Makes sense. Thank you! Is it possible to know how certain the CFR measures are? I would have guessed that the CFR depends on the test coverage and maybe other factors as well; With what degree of confidence are the CFR figures treated?

however these are all countries with not too different level of health care, so that my armchair guess would be that this is a meaningful number (would have to be corrected for different age distribution, somehow)


CFR is just confirmed deaths divided by confirmed cases. It's absolutely certain, but that's also why it's not a great basis for a serious analysis of most things. We can comfortably say the numerator is roughly correct, but the denominator is likely too low because we probably missed a lot of cases, given limited testing capacity and just how asymptomatic COVID often is.
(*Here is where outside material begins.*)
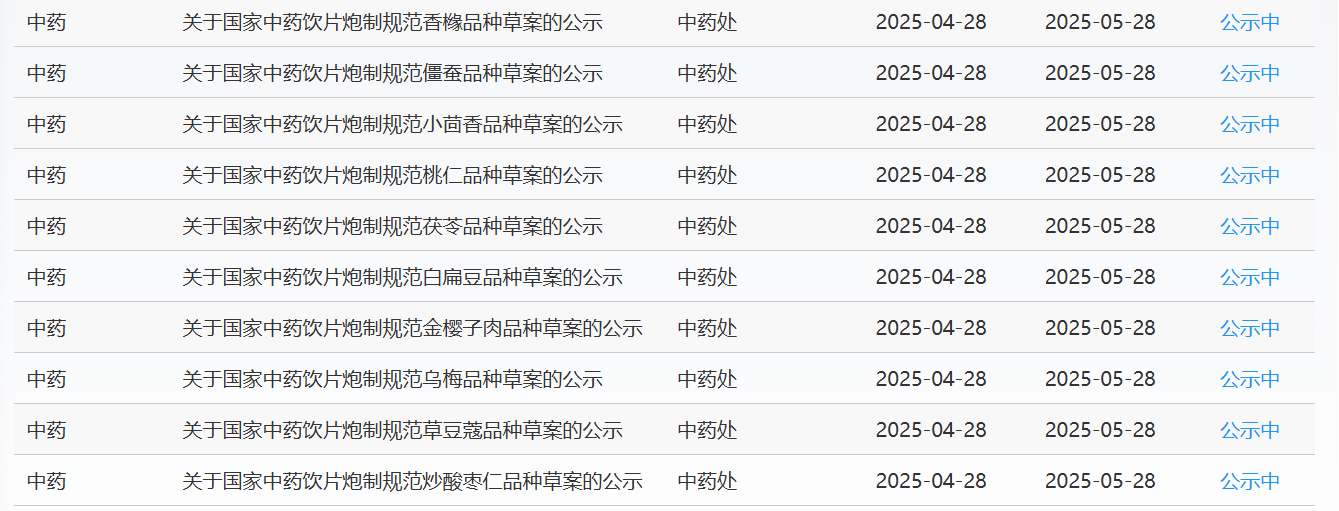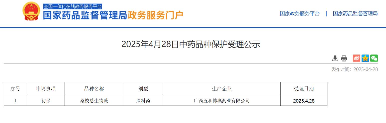 2025年4月28日中藥品種保護受理公示

IFR is actual deaths divided by actual infections. It's the most important number, but also much harder to figure out, because the delta between confirmed cases and actual infections is, by definition, unknown.

So, in context, if we look at CFRs, it looks like Israelis are 3x less likely to die from COVID than Americans. Maybe that's vitamin D, or maybe instead Israel tested and identified every single person with COVID, whereas America missed two for very case they identified. If we could instead see the IFRs in that case, they'd actually be roughly the same, and it'd turn out (all other things being equal) that vitamin D was irrelevant.


that would have to be corrected for different age distributions, somehow. But yes, such a big difference seems to make some sense.